Content starts

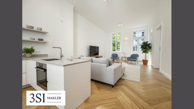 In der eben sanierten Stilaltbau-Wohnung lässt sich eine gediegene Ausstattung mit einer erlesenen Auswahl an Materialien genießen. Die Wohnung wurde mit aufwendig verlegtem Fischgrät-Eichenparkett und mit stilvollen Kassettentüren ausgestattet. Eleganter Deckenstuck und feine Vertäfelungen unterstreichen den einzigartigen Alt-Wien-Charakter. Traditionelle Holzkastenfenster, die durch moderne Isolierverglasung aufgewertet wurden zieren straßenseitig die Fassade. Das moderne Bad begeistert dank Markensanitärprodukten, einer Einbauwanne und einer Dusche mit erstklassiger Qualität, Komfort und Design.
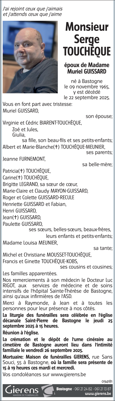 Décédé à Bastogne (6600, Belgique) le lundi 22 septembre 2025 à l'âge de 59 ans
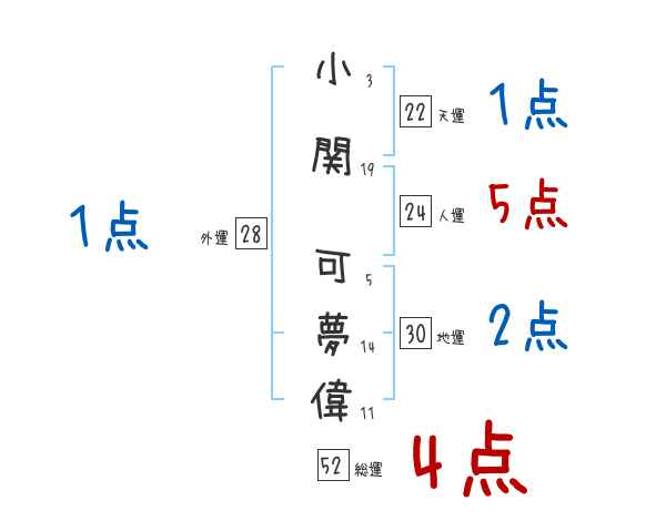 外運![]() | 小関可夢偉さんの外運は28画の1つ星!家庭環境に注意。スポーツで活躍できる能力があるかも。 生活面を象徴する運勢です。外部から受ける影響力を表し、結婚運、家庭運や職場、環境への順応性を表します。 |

Content ends

** What this task involves **
Word for word, reproduce all of the data, but keep out the pictures.

** Solution for this problem **
 In der eben sanierten Stilaltbau-Wohnung lässt sich eine gediegene Ausstattung mit einer erlesenen Auswahl an Materialien genießen. Die Wohnung wurde mit aufwendig verlegtem Fischgrät-Eichenparkett und mit stilvollen Kassettentüren ausgestattet. Eleganter Deckenstuck und feine Vertäfelungen unterstreichen den einzigartigen Alt-Wien-Charakter. Traditionelle Holzkastenfenster, die durch moderne Isolierverglasung aufgewertet wurden zieren straßenseitig die Fassade. Das moderne Bad begeistert dank Markensanitärprodukten, einer Einbauwanne und einer Dusche mit erstklassiger Qualität, Komfort und Design.
 Décédé à Bastogne (6600, Belgique) le lundi 22 septembre 2025 à l'âge de 59 ans
 外運![]() | 小関可夢偉さんの外運は28画の1つ星!家庭環境に注意。スポーツで活躍できる能力があるかも。 生活面を象徴する運勢です。外部から受ける影響力を表し、結婚運、家庭運や職場、環境への順応性を表します。 |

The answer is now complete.